American property was number one on TheMoveChannel.com for eight months in a row from October 2012 until June 2013, when Spain seized the spotlight with a 30 per cent share of enquiries. That interest increased again in July but plummeted to just 7.5 per cent in August, as buyers rushed to invest in the rising values of US real estate. Indeed, America accounted for 27.26 per cent of all enquiries on TheMoveChannel.com in August, surpassing the country’s previous record of 25.95 per cent.
 
Nonetheless, buyers remain confident in Europe’s economy. The eurozone accounted for four of top five property destinations in August for the second time in 2013. Spain slid into second place, but demand for Portuguese property trebled across the three months to August, enough to hold on to the number three slot. Italy’s share of enquiries doubled over the same period, climbing into fifth.
 
The eurozone’s biggest winner, though, was Greece, which leapt 10 places up the chart into eighth – the first time it has been in the top 10 since September 2012. Buyers continue to have wider favourites, from Turkey, which held on to sixth place, to Brazil in seventh. Cape Verde also climbed into the top 10 for the fourth time in 2013, but Greece bounced back even higher. Greek property accounted for 3.26 per cent of all leads on TheMoveChannel.com, a record for the country.
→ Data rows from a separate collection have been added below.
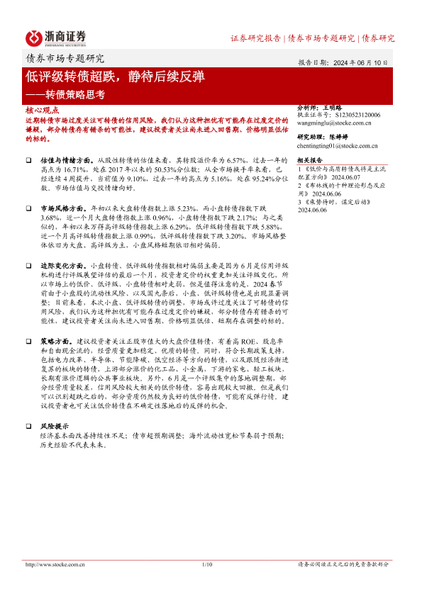 【浙商证券】【20240610】转债策略思考:低评级转债超跌,静待后续反弹-10页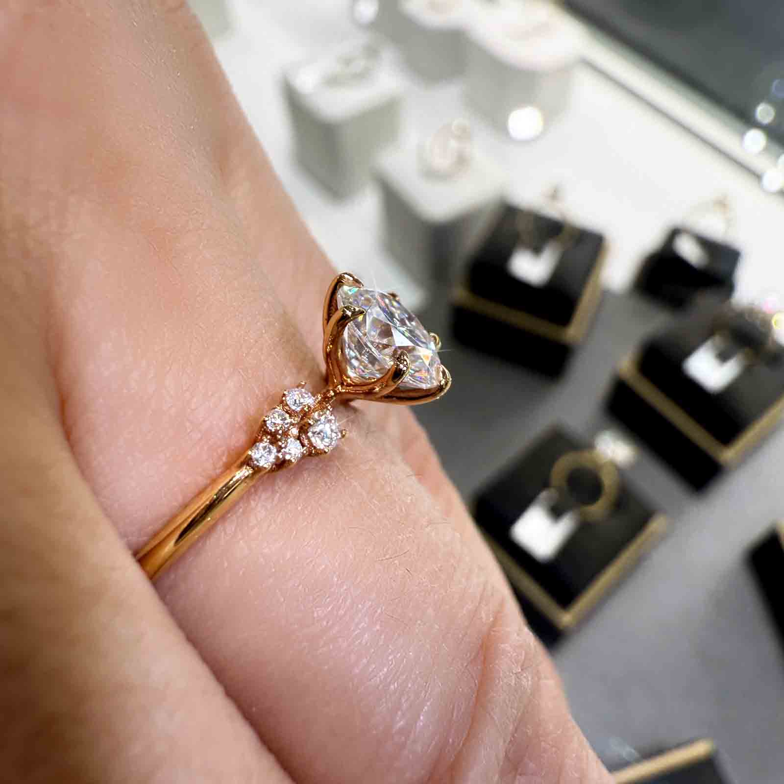 This engagement ring exudes simple elegance with its 6.5 mm round top-quality moissanite center stone. The brilliance of the central gem is accentuated by petite moissanite side stones, all beautifully mounted on a 14K rose gold band. The warmth of rose gold paired with the sparkle of moissanite creates a captivating effect, ensuring this ring stands out as a symbol of your love. Perfect for those who value sustainable luxury and timeless design.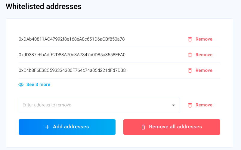If you activated the minter whitelist at the time of NFT creation, you need to add addresses to the whitelist. You can add them one by one in the input field or upload an entire CSV file. You can also remove address from the whitelist again.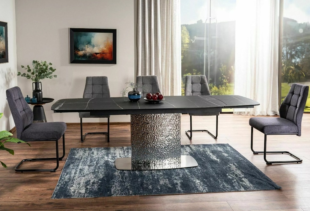 Moncler Sahara Noir -ruokapöytä on modernin sisustuksen näyttävä keskipiste, jossa mattamusta marmorikuvioitu pinta ja tyylikkäästi muotoiltu jalka luovat ylellisen ja viimeistellyn kokonaisuuden. Sen harmoninen ulkonäkö antaa ruokailutilalle arvokkuutta ja tuo tilaan modernia eleganssia.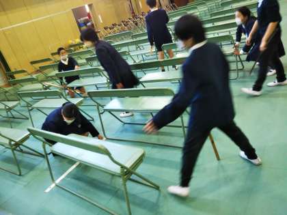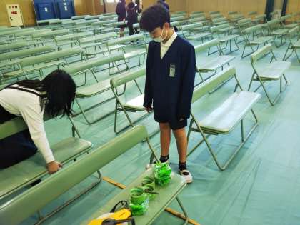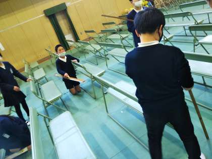 5年生が、卒業していく6年生のために会場の準備をしました。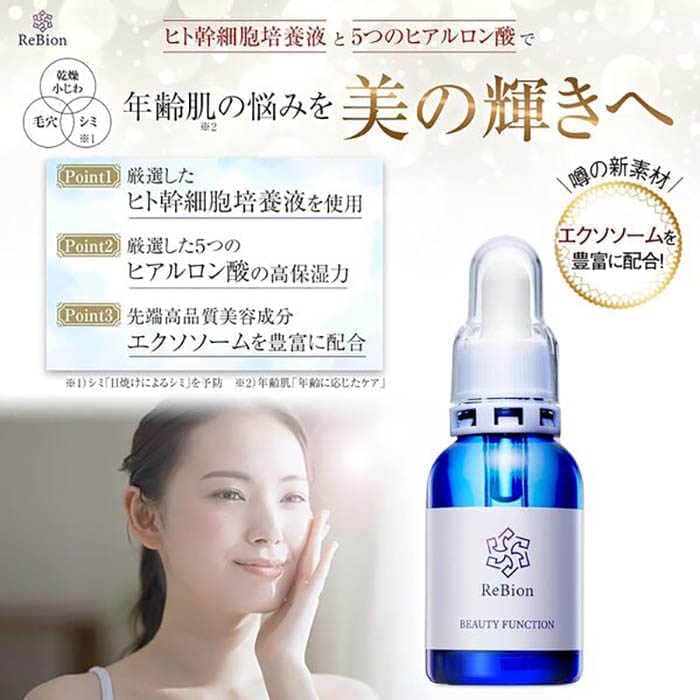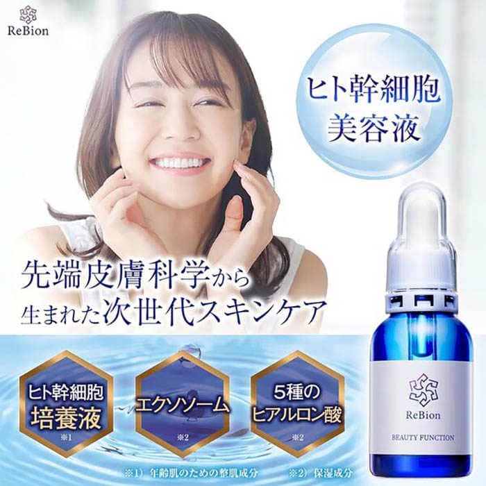【ReBion】 ビューティーファンクションは、厳選したヒト幹細胞培養液と先端美容液成分エクソソームを豊富に配合した「大人の女性のスペシャルケア」が叶う美容液です。

Katerina Kochraki of Greek construction company Action Constructing attributes the sudden growth in Greece’s popularity to lowering house prices:
 
“Greece was always a favourite destination for people from all over the world thanks to the sunny weather, beautiful clean beaches, culture, Mediterranean food and Greeks themselves, who are always friendly and hospitable.
 
“Then the economic crisis hit. All the media were talking about how difficult things are in Greece. But Greeks don’t give up! After four years of chaos, we found some ways to recover. We decided to reduce our property prices but without reducing the quality of construction. People from other countries continue to love Greece and they are very interested in being able to have their dream home there without paying a fortune.”
 
The Greek market has also been boosted by the introduction of residency laws for non-EU investors, which offers five years of residence to investors who spend at least €250,000 on Greek real estate. Indeed, Greece offered its first residency permit to a Chinese man this month for buying a property in Attica.
 
TheMoveChannel.com Director Dan Johnson comments: “With the market recovery in full swing, US real estate is the most attractive in the world right now. Rising values have boosted investor confidence, while also driving buyers to secure strong rental yields before prices get too high.
 
“In Europe, though, it is the opposite story: falling values are driving demand, with bargain hunters returning to old favourites where places in the sun are no longer out of their reach. Spain and Portugal have both seen demand surge, helped by recent announcements of residency laws designed to attract non-EU buyers. Greece now looks set to follow suit.”